SGMLguid, also known as "CERN SGML", "Waterloo based SGML", and "Waterloo SGML", was an early SGML application developed and used at CERN between 1986 and 1990. It served as a model of the earliest HTML specifications.
In 1984, CERN started the CERNDOC project, a document filing and retrieval system that would standardize CERN's manifold and mutually incompatible documentation practices. The project adapted an earlier documentation system developed at the Rutherford Laboratory, a British particle physics research facility. Written in the Rexx programming language, installed on an IBM 3090-200 mainframe computer, and running on the VM/CMS operating system, the system stored tens of thousands of documents in a hierarchical structure. It offered keyword searching and was able to display documents on a screen or send them to a printer.

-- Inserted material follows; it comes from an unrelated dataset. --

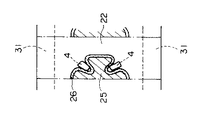 符号52は、シール部25,26形成後のシート22とシート31との重合部を、シート22の巾方向両端部にて挟む金型である。そして、上記重合部を金型52にて上下から挟むことにより、上記重合部に、図8中符号27で示すようなシール部が袋体1の巾と同一ピッチで形成され、シート22の巾方向両端部がシート31により閉鎖される。

CERNDOC supported two markup systems: a GML application named CERNPAPER, developed locally in 1985, and a SGML application created in 1986 by Anders Berglund, who was at the time responsible for text processing in the CERN data handling division. Berglund mapped a Waterloo SCRIPT macro set onto SGML, basing his application on the document type defined in Annex E of ISO 8879 and on AAP DTD, the American Association of Publishers' document type. Prior art also includes the IBM GML starter set. The application features an extensive tag set for preparing foils, memos, letters, scientific papers, and manuals, amongst other use cases.

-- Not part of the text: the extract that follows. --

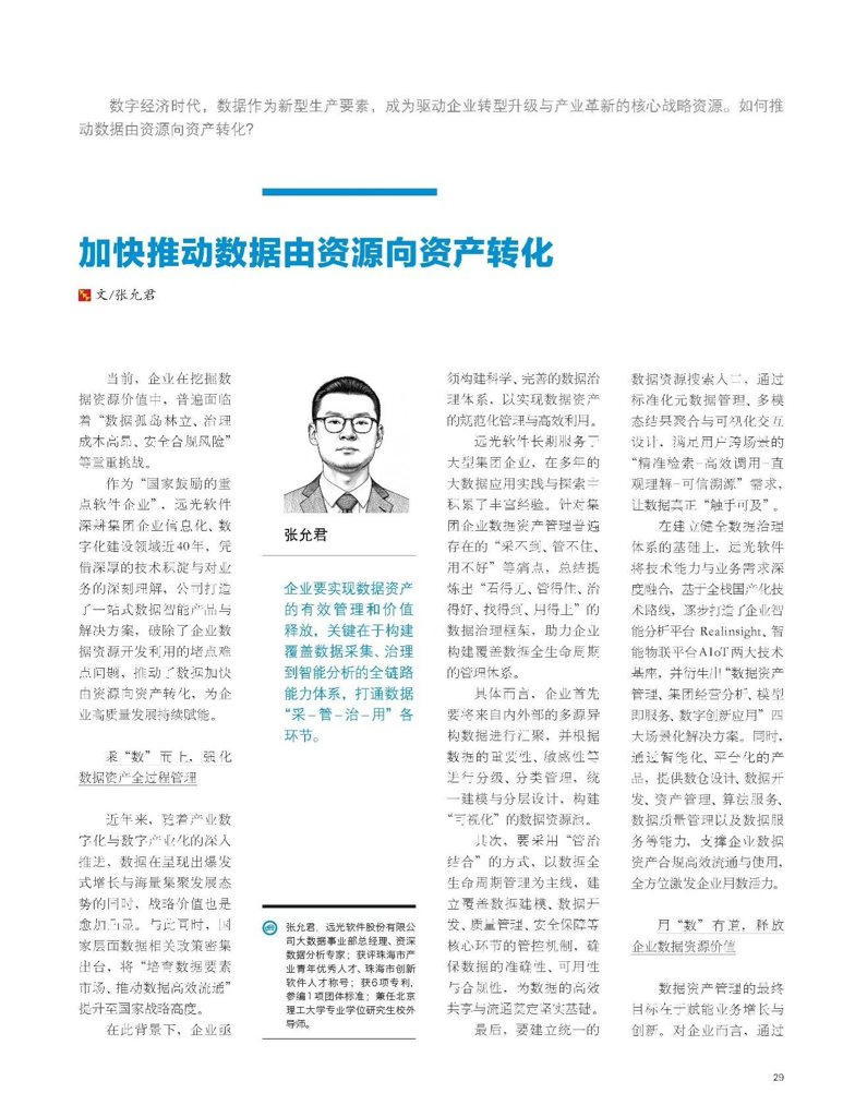 作为“国家鼓励的重点软件企业”,远光软件深耕集团企业信息化、数字化建设领域近40 年,凭借深厚的技术积淀与对业务的深刻理解,公司打造了一站式数据智能产品与解决方案,破除了企业数据资源开发利用的堵点难点问题,推动了数据加快由资源向资产转化,为企业高质量发展持续赋能。

In 1990, when Eric van Herwijnen acted as head of text processing in the CERN Administrative Services Department, CERN replaced CERNDOC with the IBM Document Composition Facility (DCF), thereby obsoleting both CERNPAPER and SGMLguid. To replace these applications, Herwijnen and Michel Goossens mapped IBM's Bookmaster macro sets onto a number of DTDs.
Tim Berners-Lee, who was working as a CERN contractor when he created the Web, encountered CERNguid in October 1987, when CERN's Online Computing Group started to maintain its documentation in CERNDOC. Berners-Lee found its hierarchical structure highly limiting.
For HTML, Berners-Lee adopted SGML syntax and a subset of the tags specified in CERN's SGMLguid.